It’s the same ritual that goes on in every club in the country
on the weekend, not just the American badlands of Cave’s imagination.
I wanted to evoke that in an instrumental, a kind of homage, but without
quoting
directly for most of the song. The title ‘Black Cheroot’
is pinched from a lyric.
Ideally we’d re-record this at some point with accordion and viola
(that’s
how I always hear it in my head).
From JFW:
“Dancers writhed and squirmed and then,
Came apart and then writhed again
Like squirming flies on a pin
In the heat and in the din”
The new EP and
last years mini-album were both recorded at Soup Studios
by Simon Trought, and both have a sound that retains the energy of live
performance with the depth of an ambitious band let loose in a recording
studio. I asked the Sailplanes what their recording process was generally
like.
Stacey:
We like working with Simon, he’s worked with a favourite of ours
Comet Gain.
It’s a nice chilled atmosphere he listens to what we’re
looking for. We record together live, we don’t fuss with overdubbing.
It’s always rough around the edges which, I think pretty much
represents what we’re like live. Ideally, in the future when we
have more time and money, we would like to add additional instruments
such as cello and xylophone.
The Sailplanes
regularly gig around their hometown of London, but as I’m sadly
yet to experience it, I asked them to describe their live show to me.
Tim:
I could lie and say our live shows always go according to plan, but
unfortunately this isn’t the case. Because of our make-up (plenty
of
distortion, twin guitars, no bass) we’re susceptible to sounding
like a raging
wall of fuzz with mysteriously mumbled vocals, all depending on the
venue
and who’s doing the sound. I can see why bands like Pretty
Girls Make
Graves take their own engineer everywhere - it’s something
we’d be wise to
consider. Visually, we look at our instruments too much because we play
so
many notes, we don’t dance because we’re not dancers, although
I will rock
myself backwards and forwards in a bewildered daze on occasion. We’ve
played some great shows, and we’ve played some where the sound
has let
us down. We never play shows drunk or loaded, so… um, you can’t
blame
us, haha.
Stacey:
Someone referred to us as having ant like energy which I think true.
Musically we come across as nervy. Most of the time we can’t hear
each
other or the sound guy has a fit as soon as Tim hits all his pedals
on.
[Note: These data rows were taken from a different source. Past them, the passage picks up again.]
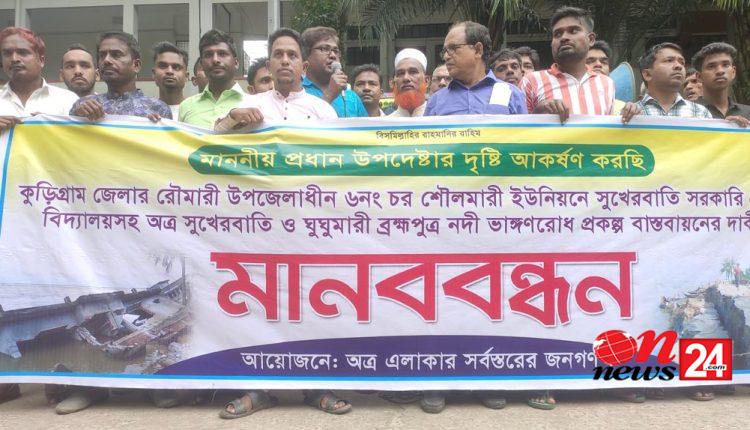 কুড়িগ্রামে ব্রহ্মপুত্রের ভাঙ্গনরোধে ব্যবস্থা নেয়ার দাবিতে বিক্ষোভ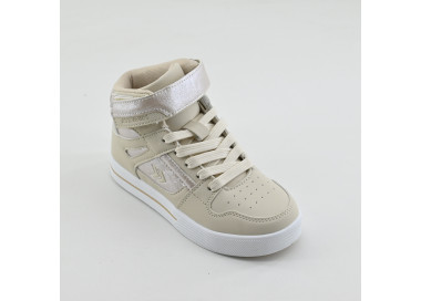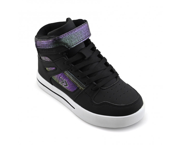 Zapatilla infantil de materiales sintéticos con detalles tornasolados.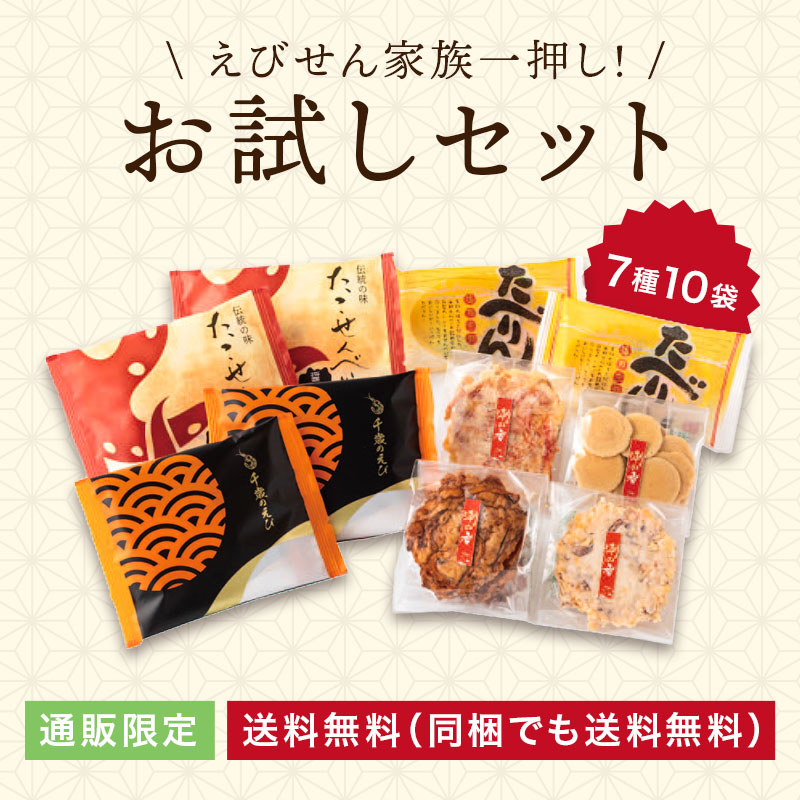 【PR】えびせん家族 海鮮せんべいの通販サイトのご紹介です。“えびせんべい”や“たこせんべい”など、幅広い商品がそろっており、手土産や日常のおやつにぴったりな一品を探している方におすすめです。 詳細はこちらをクリック おすすめ商品 舟祭り8袋 1,296円(税込) 「食べられる海鮮せんべいトレー」に9種のおせんべいを乗っています。海老の風味を中心に、多彩な味わいを一度に楽しめます。見た目もかわいく手土産にもぴったりです。 徳用たこせん 700円(税込) 焼きたての“たこせん醤油味”を、そのまま大容量パックに。毎月8の付く日だけの限定発送で、できたての香ばしさを楽しめます。たこ・いかの旨味と秘伝タレの深い味わいがクセになる一品です。 お試しセット 1,980円(税込) 人気のおせんべい7種を少量ずつ味わえる通販限定お試しセット。10袋入りで、まず試したい方に最適。まとめ買いなら送料もお得です。 商材名 えびせん家族運営者 Y.T.※当サイトはアフィリエイトプログラムを利用し宣伝目的で作成しております。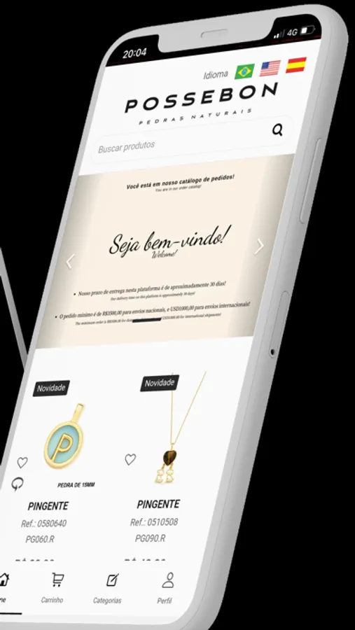 A Possebon Joias produz peças exclusivas de alta qualidade para lojistas, atacadistas e revendedores, incluindo joias folheadas e prata 925 com pedras naturais. Agora, suas compras são possíveis via celular, com descontos exclusivos e notificações de lançamentos.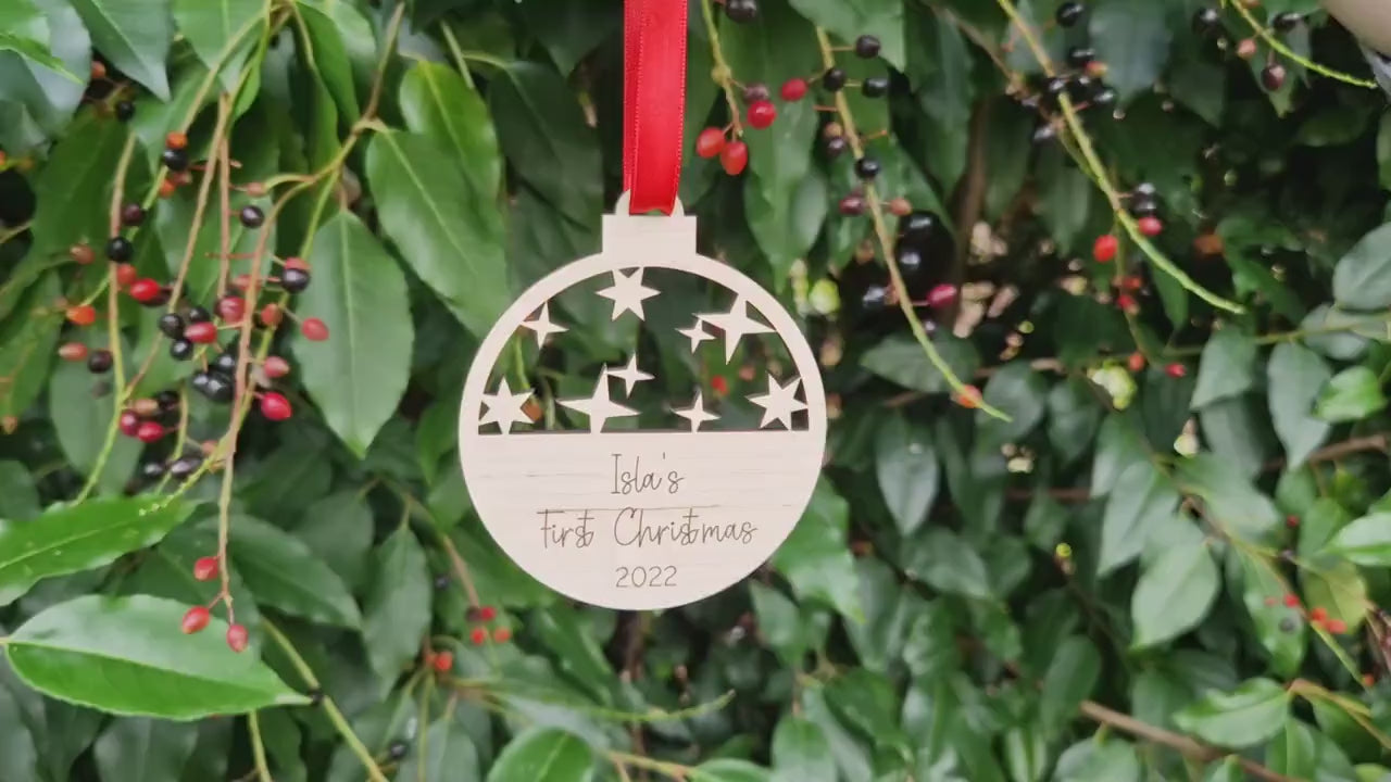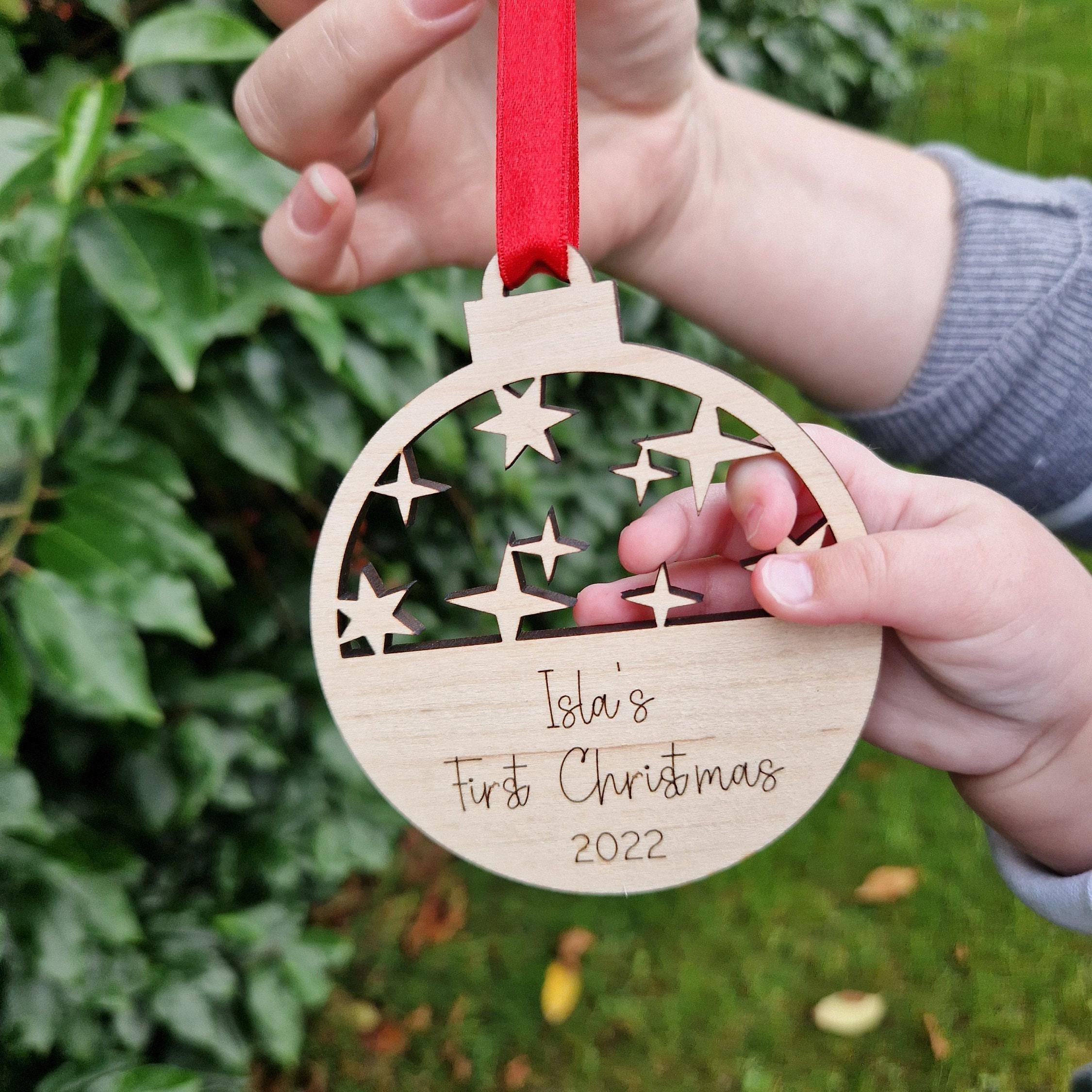 Each star is precision-cut and engraved onto high-quality veneered wood and customised with your baby’s name alongside the words “First Christmas 2025.”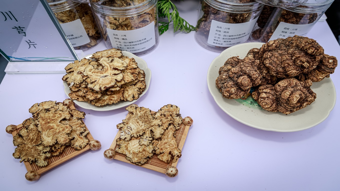 四川省道地药材名目众多,川芎主产于四川彭州,是伞形科中药材,香浓郁、味苦辛、微回甜、有麻舌感,可用于活血行气、祛风止痛疗效。同时,其茎叶口感与芹菜类似,可以用于烹煮汤肴,亦可烹草本茶。

Each
gig varies from one extreme to the other, which is a shame as I don’t
find the time to think of a good rock pose, I tend to go for the rigid
stance, Peter Hook’s attempt at the splits makes me think I’ve
chosen the better option.
Ady:
playing live is sometimes a onerous task especially when we have to
arrive early for a cursory sound check that doesn't really do any good,
and wait about all night to play 20 mins to the ten people who haven’t
been bored to death by the previous bands...on the certain nights that
everything goes well, we sound good, and get the audience appreciation
we deserve... it makes it all worth it.
Possible due
to idiosyncratic sound and set up, the Sailplanes don’t feel that
they’re a part of any particular movement or ‘scene’
(which is probably a good thing), as they expressed when I asked if
they felt an affinity with any of the other bands they encounter or
play with in London.
Tim:
I’m not sure it’s an affinity, more empathy in an almost
resigned “we’re
all in the same boat” kinda way. I like The
Swear, and they’re cool, friendly
guys (and girl). Unlike that band though, we don’t feel part of
any geographic
scene, coming from severely unmusical districts like Crouch End. To
be
honest we get a bit of bitchiness from some groups we come into contact
and play with. Like, I think that we’re too noisy for the melodic
rock and teen-
girl crowd, and too song-based and structured for some of the archly
pretentious post-rock crowd who can, to be fair, suck my dick.
Stacey:
Yeah, The Swear are really friendly, and it’s not very often that
you
get other bands that chat or acknowledge you. As Tim said, we rarely
are on
a bill where we fit in with a certain night.
I then asked
how the band felt about the state of underground ‘alternative’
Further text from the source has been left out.